Weight Initialization and Training Stability

> Initialize wrong and training never starts. Initialize right and 50 layers train as smoothly as 3.

Type: Build

Languages: Python

Prerequisites: Lesson 03.04 (Activation Functions), Lesson 03.07 (Regularization)

Time: ~90 minutes

Learning Objectives

The Problem

Initialize all weights to zero.
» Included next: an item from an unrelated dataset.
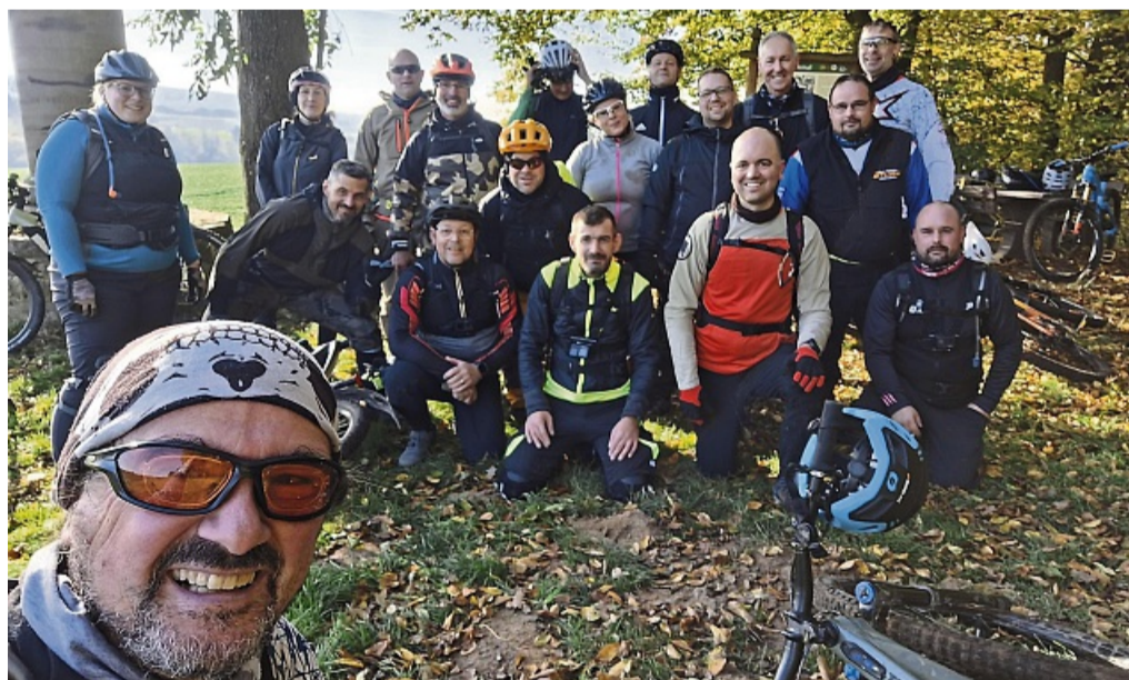
Sind gerne gemeinsam unterwegs: Die E-Bike Enthusiasten aus dem Landkreis.

Gruppe organisiert Fahrten und steht vor Vereinsgründung

Nothing learns. Every neuron computes the same function, receives the same gradient, and updates identically. After 10,000 epochs, your 512-neuron hidden layer is still 512 copies of the same neuron. You paid for 512 parameters and got 1.
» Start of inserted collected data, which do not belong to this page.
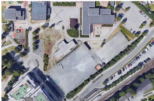
FRA GRÅTT OG KJEDELIG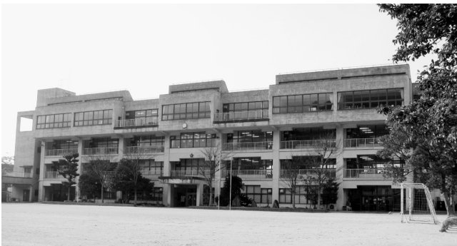
耐震化補強工事予定の長浜小学校

なる耐力度調査により改築が必要な点数になったため、改築に向けての作業を進めているところである。優先度2の長浜小学校、喜多小学校については2次診断を実施し、長浜小学校については診断結果が出たため、耐震補強工事の設計を完了したうえで工事に取り掛かる予定である。また、市内全域の学校耐震化工事については、優先度1から3の校舎または体育館から速やかに着手し、できる限り前倒しで進めていく考えである。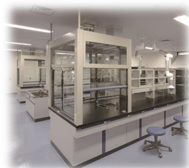
実験台・ドラフト導入例

Initialize them too large. Activations explode through the network. By layer 10, values hit 1e15. By layer 20, they overflow to infinity. Gradients follow the same trajectory in reverse.

Initialize them randomly from a standard normal distribution. Works for 3 layers. At 50 layers, the signal collapses to zero or detonates to infinity depending on whether the random scale was slightly too small or slightly too large. The boundary between "works" and "broken" is razor-thin.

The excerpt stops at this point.